Some problems to run the code

zhiqiangzhongddu commented 11 months ago

Hi,

Thanks for the nice work and sharing the code. I'm trying to run your code but have some problems.

When I runWANDB_DISABLED=True TOKENIZERS_PARALLELISM=False CUDA_VISIBLE_DEVICES=0,1 python -m core.trainLM dataset cora seed 0 >> cora_lm.out, I got data missing error: FileNotFoundError: [Errno 2] No such file or directory: 'dataset/cora_orig/mccallum/cora/extractions/http:##www.cs.ucl.ac.uk#staff#t.yu#ep97.ps'
When I run WANDB_DISABLED=True TOKENIZERS_PARALLELISM=False CUDA_VISIBLE_DEVICES=0,1 python -m core.trainLM dataset ogbn-arxiv seed 0 >> ogbn-arxiv_lm.out, I got File "/home/xxx/TAPE/core/data_utils/load_arxiv.py", line 24, in get_raw_text_arxiv data.edge_index = data.adj_t.to_symmetric() AttributeError: 'Tensor' object has no attribute 'to_symmetric'. I guess it's because of the OGB version conflict, could you tell me your OGB version or update your code? My OGB version is 1.3.6.

XiaoxinHe commented 11 months ago

Hi,

For Q1, could you please check the data sanity with the following command:

python -m core.data_utils.load_cora

The expected output:

~/TAPE$ python -m core.data_utils.load_cora
Downloading https://github.com/kimiyoung/planetoid/raw/master/data/ind.cora.x
Downloading https://github.com/kimiyoung/planetoid/raw/master/data/ind.cora.tx
Downloading https://github.com/kimiyoung/planetoid/raw/master/data/ind.cora.allx
Downloading https://github.com/kimiyoung/planetoid/raw/master/data/ind.cora.y
Downloading https://github.com/kimiyoung/planetoid/raw/master/data/ind.cora.ty
Downloading https://github.com/kimiyoung/planetoid/raw/master/data/ind.cora.ally
Downloading https://github.com/kimiyoung/planetoid/raw/master/data/ind.cora.graph
Downloading https://github.com/kimiyoung/planetoid/raw/master/data/ind.cora.test.index
Processing...
Done!
Data(x=[2708, 1433], edge_index=[2, 10556], y=[2708], train_mask=[2708], val_mask=[2708], test_mask=[2708], num_nodes=2708, train_id=[1624], val_id=[542], test_id=[542])
Title: The megaprior heuristic for discovering protein sequence patterns  
Abstract: Several computer algorithms for discovering patterns in groups of protein sequences are in use that are based on fitting the parameters of a statistical model to a group of related sequences. These include hidden Markov model (HMM) algorithms for multiple sequence alignment, and the MEME and Gibbs sampler algorithms for discovering motifs. These algorithms are sometimes prone to producing models that are incorrect because two or more patterns have been combined. The statistical model produced in this situation is a convex combination (weighted average) of two or more different models. This paper presents a solution to the problem of convex combinations in the form of a heuristic based on using extremely low variance Dirichlet mixture priors as part of the statistical model. This heuristic, which we call the megaprior heuristic, increases the strength (i.e., decreases the variance) of the prior in proportion to the size of the sequence dataset. This causes each column in the final model to strongly resemble the mean of a single component of the prior, regardless of the size of the dataset. We describe the cause of the convex combination problem, analyze it mathematically, motivate and describe the implementation of the megaprior heuristic, and show how it can effectively eliminate the problem of convex combinations in protein sequence pattern discovery.

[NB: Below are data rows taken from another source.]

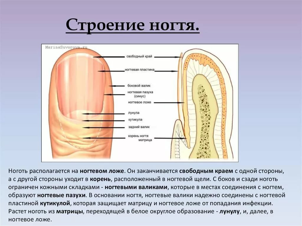 Ноготь состоит из: матрикса (корня ногтя), ногтевой лунулы, тела ногтя (ногтевой пластины), кутикулы и свободного края ногтя.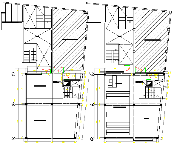 Floor plan details of corporate office building that includes a detailed view of main entry door, reception area, inquiry desk, conference room, meeting room, indoor staircase, general hall, passage, toilets and much more of corporate office building details.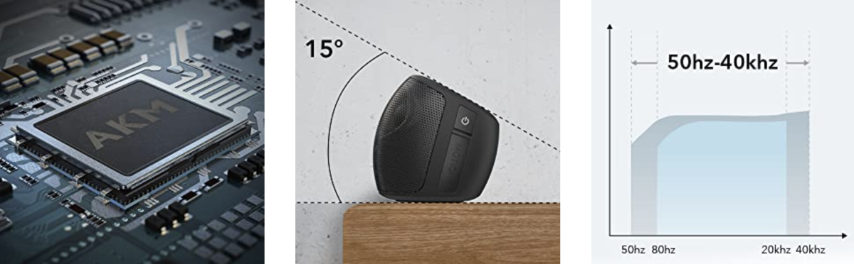 Difuzoarele boxei portabile Anker SoundCore Motion+ sunt inclinate in sus, la un unghi de 15°, pentru a umple intreaga incapere cu muzica.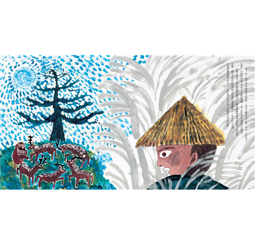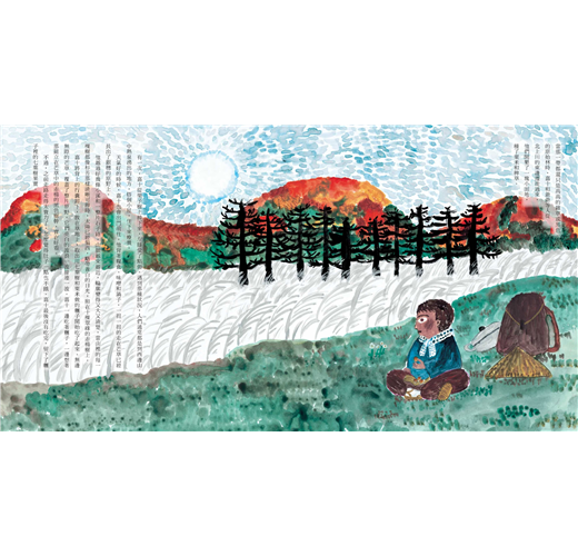 本書繪者為日本新銳插畫家mirocomachiko,畫風大膽又強烈,風與光、植物的擺動、動物的姿態在她的筆下都描繪得栩栩如生,翻頁之間,讀者彷彿與嘉十同時置身於這個美麗的草原,共同體驗了奇幻的歷程。闔上繪本之後,仍能被宮澤賢治的世界所緊緊的包圍著。

If you still encounter the same data missing error, could you please redownload the cora_orig files? I recently updated the cora_orig dataset, and your version might be outdated, leading to this issue.

For Q2, my OGB version is 1.3.6, too. It appears to me that the error is not due to a version conflict. During the preprocessing, I use transform=T.ToSparseTensor() to convert the dense adj into a sparse one (check the code here). Only the adjacency matrix data.adj_t has the to_symmetric attribute. If you did not apply the transform=T.ToSparseTensor(), the adj_t is a standard Tensor and thus doesn't have the to_symmetric attribute.

So, I suggest you remove dataset/ogbn_arxiv and rerun the command WANDB_DISABLED=True TOKENIZERS_PARALLELISM=False CUDA_VISIBLE_DEVICES=0,1 python -m core.trainLM dataset ogbn-arxiv seed 0 >> ogbn-arxiv_lm.out

Please let me know if your have further questions. Thanks!

zhiqiangzhongddu commented 11 months ago

Hi,

Thanks for your prompt answers.

Q2 disappeared after re-setting up the environment.

However, Q1 is still the same as before. I downloaded everything on 07/12, thus I think it should be the latest uploaded version. I manually checked the file and found that:

There are two similar items in dataset/cora_orig/mccallum/cora/papers: "http:##www.cs.ucl.ac.uk#staff#T.Yu#ep97.ps" and "http:##www.cs.ucl.ac.uk#staff#t.yu#ep97.ps".
At the folder dataset/cora_orig/mccallum/cora/extractions/, there is one file "http/##www.cs.ucl.ac.uk#staff#T.Yu#ep97.ps" but not "http/##www.cs.ucl.ac.uk#staff#t.yu#ep97.ps".

Hope it helps.

XiaoxinHe commented 10 months ago

Hi,

Sorry for the late reply. Could you please check if the discussions in #5 are helpful?

ChenS676 commented 9 months ago

hallo I also have this issue in the linux system, I think it is essentially caused by the invisible setting of the path extraction. I can paste my code here, hopefully, it helps! It already works for me with the current version of the dataset. @zhiqiangzhongddu

`def parse_cora(): path = root_path + 'dataset/cora_orig/cora' idx_features_labels = np.genfromtxt( "{}.content".format(path), dtype=np.dtype(str)) data_X = idx_features_labels[:, 1:-1].astype(np.float32) labels = idx_features_labels[:, -1] class_map = {x: i for i, x in enumerate(['Case_Based', 'Genetic_Algorithms', 'Neural_Networks', 'Probabilistic_Methods', 'Reinforcement_Learning', 'Rule_Learning', 'Theory'])} data_Y = np.array([class_map[l] for l in labels]) data_citeid = idx_features_labels[:, 0] idx = np.array(data_citeid, dtype=np.dtype(str)) idx_map = {j: i for i, j in enumerate(idx)} edges_unordered = np.genfromtxt( "{}.cites".format(path), dtype=np.dtype(str)) edges = np.array(list(map(idx_map.get, edges_unordered.flatten()))).reshape( edges_unordered.shape) data_edges = np.array(edges[~(edges == None).max(1)], dtype='int') data_edges = np.vstack((data_edges, np.fliplr(data_edges))) return data_X, data_Y, data_citeid, np.unique(data_edges, axis=0).transpose()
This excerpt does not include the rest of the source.